Tuesday, November 27, 2007

a banville a day

i've never read a book as slowly as i have john banville's 'the sea.' if you knew me, or at least were familiar with my frequently visited places, you'd see me read a few pages - in some cases, a paragraph, or even a single sentence - and throw the book down in a sort of lingering, jealous disgust. banville's prose is thick. ridiculously thick. i haven't read most of his work.

it's really more like eating an incredibly sumptuous meal - i feel full after each time i sit down to read a piece of it, and i can go no further. loosen the belt a notch, sit back, look out the window, and sigh.

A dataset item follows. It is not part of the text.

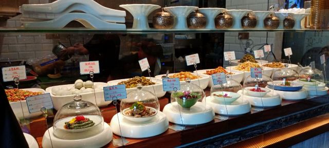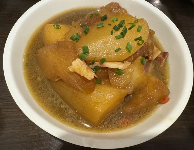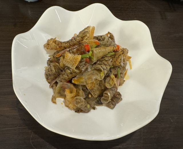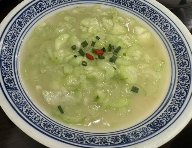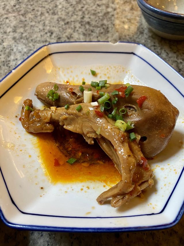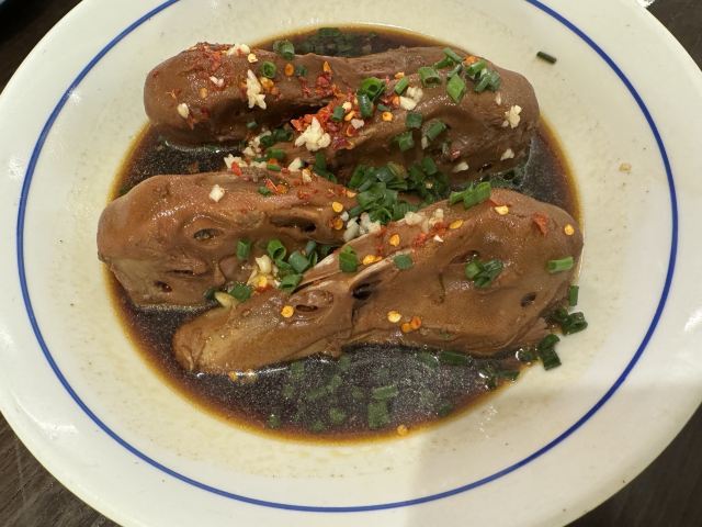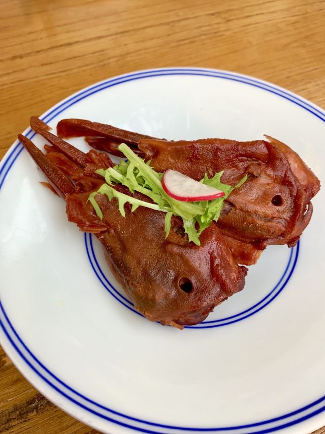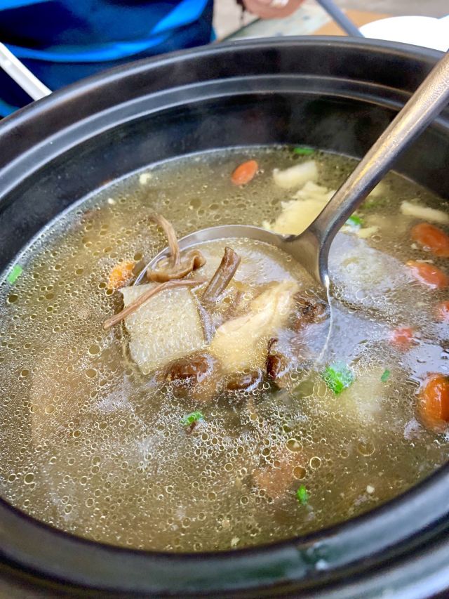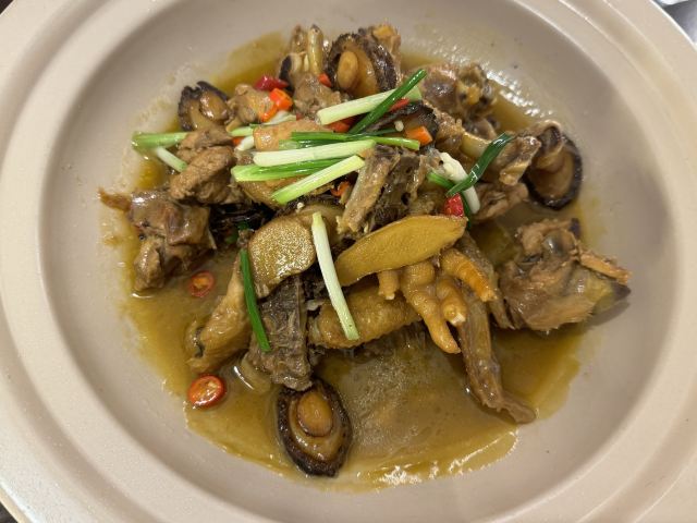 水亭街中排队比较多的一家饭店,饭点早早过来,还是排了半个多小时,被安排在了户外。这是一栋保护建筑,户外感觉是以前的庭院,只是现在被全敞开在街道上,有点夏天纳凉的感觉,不过还是有一点小热。点了当地名菜卤鸭头,很入味但是有点辣。店里的酱鸭,感觉是瘦瘦的板鸭,皮下一点也不肥腻,酱得很不错,咸香[强]特色的田螺塞肉是先煮好的,没有毛病就是感觉太辣,才上点缀两只鸭掌,多放点一起煮应该更好吃。担心上火,点了一份干锅百合,微微甜口感还不错,下面铺了满满一层洋葱爆香,有点油没敢吃。土鸡菌菇汤还是很鲜美的。实在感觉热,别家热门店点了一份薄荷水晶粉,真心搭配着吃不错[强]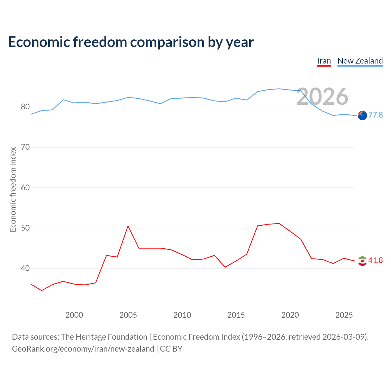 The Economic Freedom Index for Iran is 41.8, ranking 185/197, compared to 77.8 for New Zealand, ranking 13/197. The chart above displays a comparison of annual changes in economic freedom indexes.

it's ridiculous how good this book is.

Tuesday, November 20, 2007

boxer's fracture

i sallied forth on november first, intent on writing 50,000 words.

on the fourth, i gave up.

on the sixth or seventh, i retreated into a rabbit-hole of total depression, got insanely drunk, and ended up fracturing my right hand on the side of my friend & roommate's face. he wouldn't leave me alone, you see. so now i have a cast on. makes it difficult to write. (point of order: he also broke his hand on my face - same injury! - though i'm sure he would like it elucidated that he hit me three times whereas i only hit him once.) plus, i have to find a new place to live. so i haven't had much time to read, but in the throaty interim, i've acquired:

the mysterious flame of queen loana (umberto eco)
the wooden sea (jonathan carroll)
blood meridian (cormac mccarthy)

& today:

the sea (john banville) - JUST because of the random line i read:

The past beats inside me like a second heart.

i'm nearly done with the wooden sea. nice little sarcastic, humor-y bit of scifi surrealism.

dying to read the new pynchon, since it's out in paperback. also dying to read the gunslinger graphic novel. there's also a new clive barker (mr b gone?) & a new alan lightman (ghost).

I HAVE NO TIME

(books i plan to read soon:

half-life (shelley jackson)
suttree (cormac mccarthy)
ghostwritten & cloud atlas (david mitchell)
the possibility of an island (michel houllebecq)
riddley walker (russell hoban)
god is dead (ron currie, jr)
varieties of disturbance (lydia davis)
against the day (pynchon)

)

Thursday, November 01, 2007

a new personal record...

because i am a deeply disturbed girl with an unhealthy relationship with books (or maybe it is just my relationship to money that is so unhealthy)i have purchased more than $200 worth of books today. in under 15 minutes.


the booty

haruki murakami's the wind-up bird chronicles & my own edition of kafka on the shore

albert camus's the plague & exile and the kingdom

nabokov's pale fire

truman capote's music for chameleons, other voices, other rooms & breakfast at tiffany's (not a book i'd normally read, but i've watched the movie more than enough to warrant giving it a go-round. plus, obviously i was feeling indulgent.)

there are also others that will remain unmentioned, as they are gifts. and don't bother poking about in my room either, rhianna, they're not here.